### EXERCISE
Repeat the records exactly, with one exception: no images.

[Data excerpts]
▽
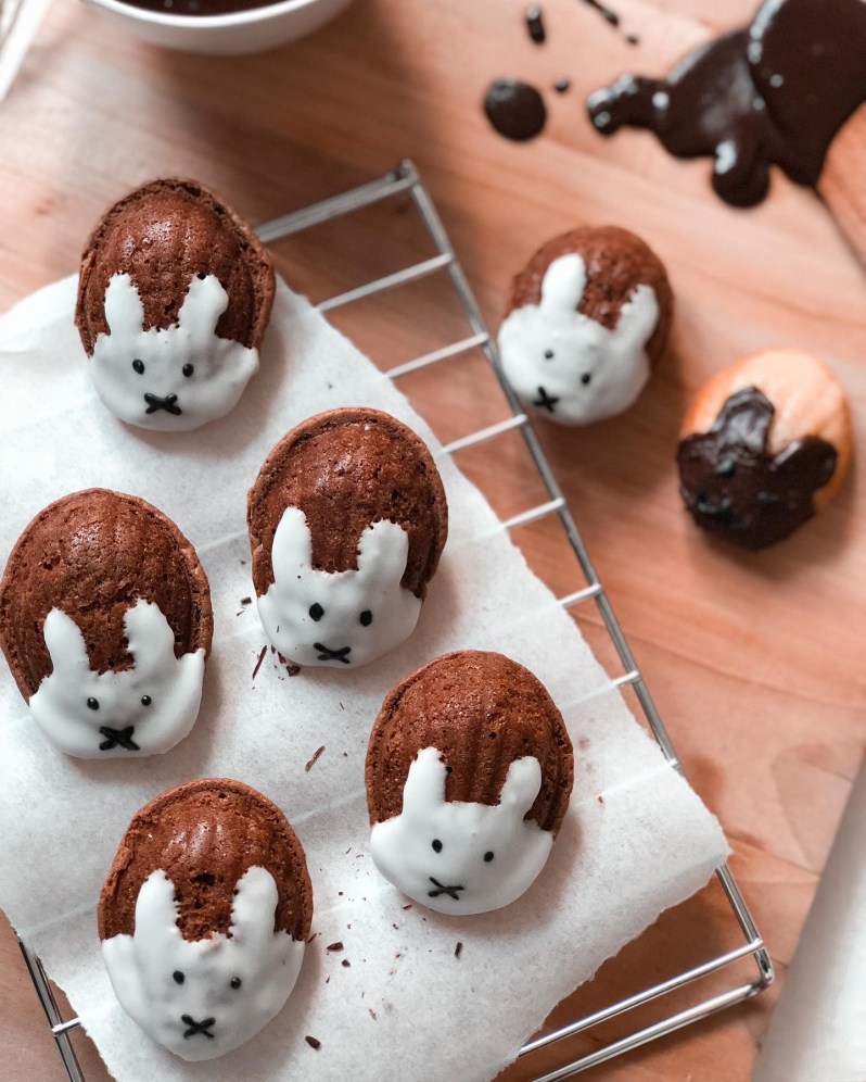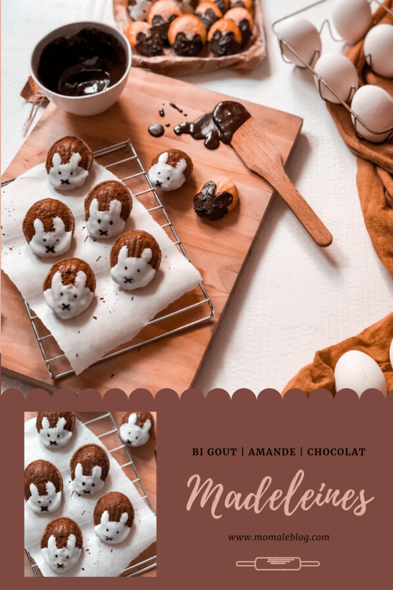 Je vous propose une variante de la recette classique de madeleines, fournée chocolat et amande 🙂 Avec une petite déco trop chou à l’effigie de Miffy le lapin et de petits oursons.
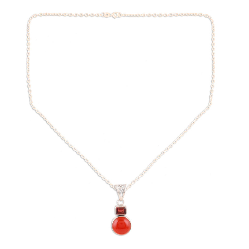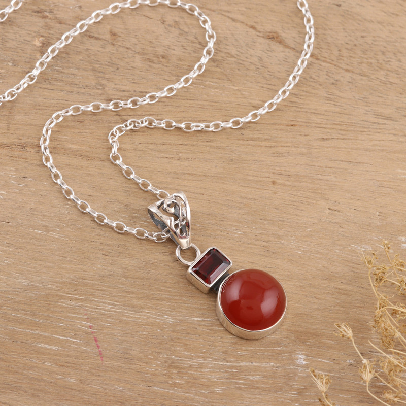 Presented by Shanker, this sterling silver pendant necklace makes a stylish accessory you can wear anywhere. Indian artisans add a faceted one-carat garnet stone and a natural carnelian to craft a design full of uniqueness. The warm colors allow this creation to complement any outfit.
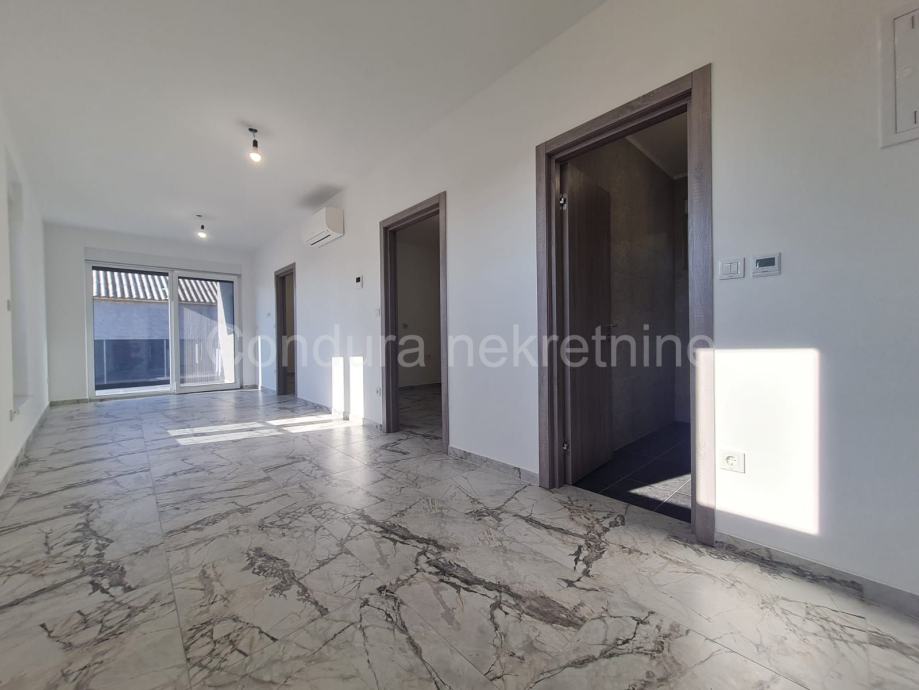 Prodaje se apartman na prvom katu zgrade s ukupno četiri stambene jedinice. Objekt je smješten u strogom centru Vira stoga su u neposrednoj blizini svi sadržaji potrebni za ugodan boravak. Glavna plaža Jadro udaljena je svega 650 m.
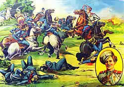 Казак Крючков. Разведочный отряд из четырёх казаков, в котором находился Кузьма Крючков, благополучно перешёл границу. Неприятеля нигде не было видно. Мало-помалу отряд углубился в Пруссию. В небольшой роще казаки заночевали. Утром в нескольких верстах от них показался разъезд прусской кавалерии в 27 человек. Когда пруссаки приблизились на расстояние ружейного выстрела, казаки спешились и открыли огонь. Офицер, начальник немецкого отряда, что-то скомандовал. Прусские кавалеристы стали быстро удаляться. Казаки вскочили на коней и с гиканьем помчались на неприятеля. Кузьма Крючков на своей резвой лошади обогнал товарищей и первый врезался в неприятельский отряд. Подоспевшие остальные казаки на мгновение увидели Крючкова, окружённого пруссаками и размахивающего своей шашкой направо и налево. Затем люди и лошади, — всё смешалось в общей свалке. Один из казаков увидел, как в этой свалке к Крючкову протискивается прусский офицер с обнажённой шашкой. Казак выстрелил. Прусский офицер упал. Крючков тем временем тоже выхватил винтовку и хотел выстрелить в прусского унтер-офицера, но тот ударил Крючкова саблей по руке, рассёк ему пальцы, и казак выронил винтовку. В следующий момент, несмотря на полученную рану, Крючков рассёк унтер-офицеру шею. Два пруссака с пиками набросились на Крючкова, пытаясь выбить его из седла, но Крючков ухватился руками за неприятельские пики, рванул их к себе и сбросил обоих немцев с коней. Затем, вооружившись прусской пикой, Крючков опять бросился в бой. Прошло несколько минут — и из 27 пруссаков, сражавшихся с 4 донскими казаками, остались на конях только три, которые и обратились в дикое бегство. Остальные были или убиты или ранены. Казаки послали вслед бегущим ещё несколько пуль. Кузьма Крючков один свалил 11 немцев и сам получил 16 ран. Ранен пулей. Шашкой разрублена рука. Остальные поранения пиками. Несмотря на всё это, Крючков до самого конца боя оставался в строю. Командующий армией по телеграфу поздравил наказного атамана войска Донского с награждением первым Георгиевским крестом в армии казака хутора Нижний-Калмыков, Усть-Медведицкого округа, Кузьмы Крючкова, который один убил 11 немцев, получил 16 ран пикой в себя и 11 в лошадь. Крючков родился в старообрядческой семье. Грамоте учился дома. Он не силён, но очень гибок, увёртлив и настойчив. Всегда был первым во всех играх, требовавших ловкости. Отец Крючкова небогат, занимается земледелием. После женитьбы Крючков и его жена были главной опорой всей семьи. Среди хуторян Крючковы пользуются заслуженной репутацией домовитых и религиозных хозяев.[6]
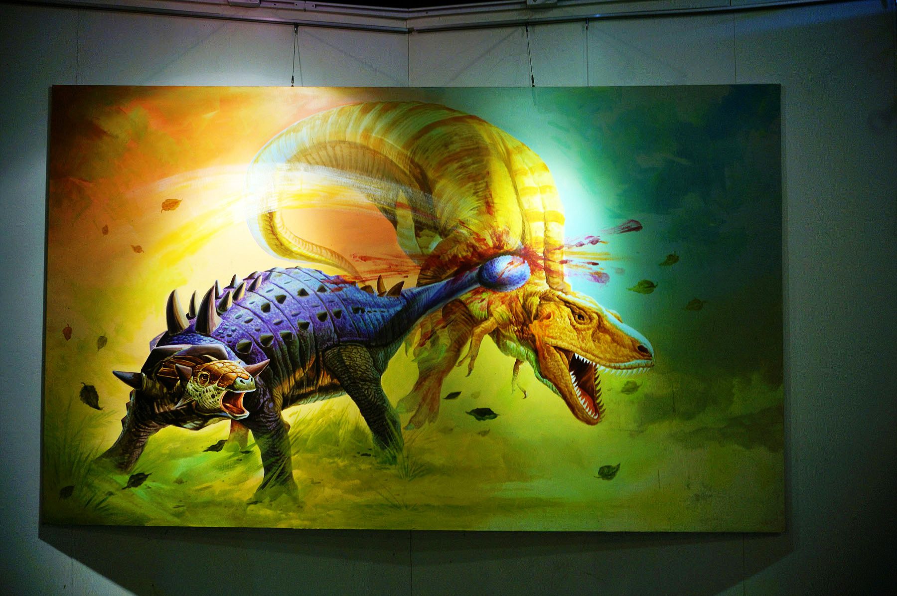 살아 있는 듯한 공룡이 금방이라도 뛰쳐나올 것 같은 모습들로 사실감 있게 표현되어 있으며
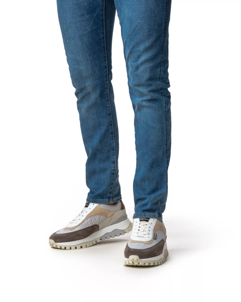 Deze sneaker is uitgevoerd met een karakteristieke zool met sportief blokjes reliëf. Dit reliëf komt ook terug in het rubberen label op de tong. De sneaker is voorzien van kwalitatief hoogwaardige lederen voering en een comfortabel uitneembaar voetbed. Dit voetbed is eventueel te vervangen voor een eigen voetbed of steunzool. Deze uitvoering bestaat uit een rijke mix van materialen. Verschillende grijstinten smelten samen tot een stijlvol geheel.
△
### RESULT OF THE TASK
 Je vous propose une variante de la recette classique de madeleines, fournée chocolat et amande 🙂 Avec une petite déco trop chou à l’effigie de Miffy le lapin et de petits oursons.
 Presented by Shanker, this sterling silver pendant necklace makes a stylish accessory you can wear anywhere. Indian artisans add a faceted one-carat garnet stone and a natural carnelian to craft a design full of uniqueness. The warm colors allow this creation to complement any outfit.
 Prodaje se apartman na prvom katu zgrade s ukupno četiri stambene jedinice. Objekt je smješten u strogom centru Vira stoga su u neposrednoj blizini svi sadržaji potrebni za ugodan boravak. Glavna plaža Jadro udaljena je svega 650 m.
 Казак Крючков. Разведочный отряд из четырёх казаков, в котором находился Кузьма Крючков, благополучно перешёл границу. Неприятеля нигде не было видно. Мало-помалу отряд углубился в Пруссию. В небольшой роще казаки заночевали. Утром в нескольких верстах от них показался разъезд прусской кавалерии в 27 человек. Когда пруссаки приблизились на расстояние ружейного выстрела, казаки спешились и открыли огонь. Офицер, начальник немецкого отряда, что-то скомандовал. Прусские кавалеристы стали быстро удаляться. Казаки вскочили на коней и с гиканьем помчались на неприятеля. Кузьма Крючков на своей резвой лошади обогнал товарищей и первый врезался в неприятельский отряд. Подоспевшие остальные казаки на мгновение увидели Крючкова, окружённого пруссаками и размахивающего своей шашкой направо и налево. Затем люди и лошади, — всё смешалось в общей свалке. Один из казаков увидел, как в этой свалке к Крючкову протискивается прусский офицер с обнажённой шашкой. Казак выстрелил. Прусский офицер упал. Крючков тем временем тоже выхватил винтовку и хотел выстрелить в прусского унтер-офицера, но тот ударил Крючкова саблей по руке, рассёк ему пальцы, и казак выронил винтовку. В следующий момент, несмотря на полученную рану, Крючков рассёк унтер-офицеру шею. Два пруссака с пиками набросились на Крючкова, пытаясь выбить его из седла, но Крючков ухватился руками за неприятельские пики, рванул их к себе и сбросил обоих немцев с коней. Затем, вооружившись прусской пикой, Крючков опять бросился в бой. Прошло несколько минут — и из 27 пруссаков, сражавшихся с 4 донскими казаками, остались на конях только три, которые и обратились в дикое бегство. Остальные были или убиты или ранены. Казаки послали вслед бегущим ещё несколько пуль. Кузьма Крючков один свалил 11 немцев и сам получил 16 ран. Ранен пулей. Шашкой разрублена рука. Остальные поранения пиками. Несмотря на всё это, Крючков до самого конца боя оставался в строю. Командующий армией по телеграфу поздравил наказного атамана войска Донского с награждением первым Георгиевским крестом в армии казака хутора Нижний-Калмыков, Усть-Медведицкого округа, Кузьмы Крючкова, который один убил 11 немцев, получил 16 ран пикой в себя и 11 в лошадь. Крючков родился в старообрядческой семье. Грамоте учился дома. Он не силён, но очень гибок, увёртлив и настойчив. Всегда был первым во всех играх, требовавших ловкости. Отец Крючкова небогат, занимается земледелием. После женитьбы Крючков и его жена были главной опорой всей семьи. Среди хуторян Крючковы пользуются заслуженной репутацией домовитых и религиозных хозяев.[6]
 살아 있는 듯한 공룡이 금방이라도 뛰쳐나올 것 같은 모습들로 사실감 있게 표현되어 있으며
 Deze sneaker is uitgevoerd met een karakteristieke zool met sportief blokjes reliëf. Dit reliëf komt ook terug in het rubberen label op de tong. De sneaker is voorzien van kwalitatief hoogwaardige lederen voering en een comfortabel uitneembaar voetbed. Dit voetbed is eventueel te vervangen voor een eigen voetbed of steunzool. Deze uitvoering bestaat uit een rijke mix van materialen. Verschillende grijstinten smelten samen tot een stijlvol geheel.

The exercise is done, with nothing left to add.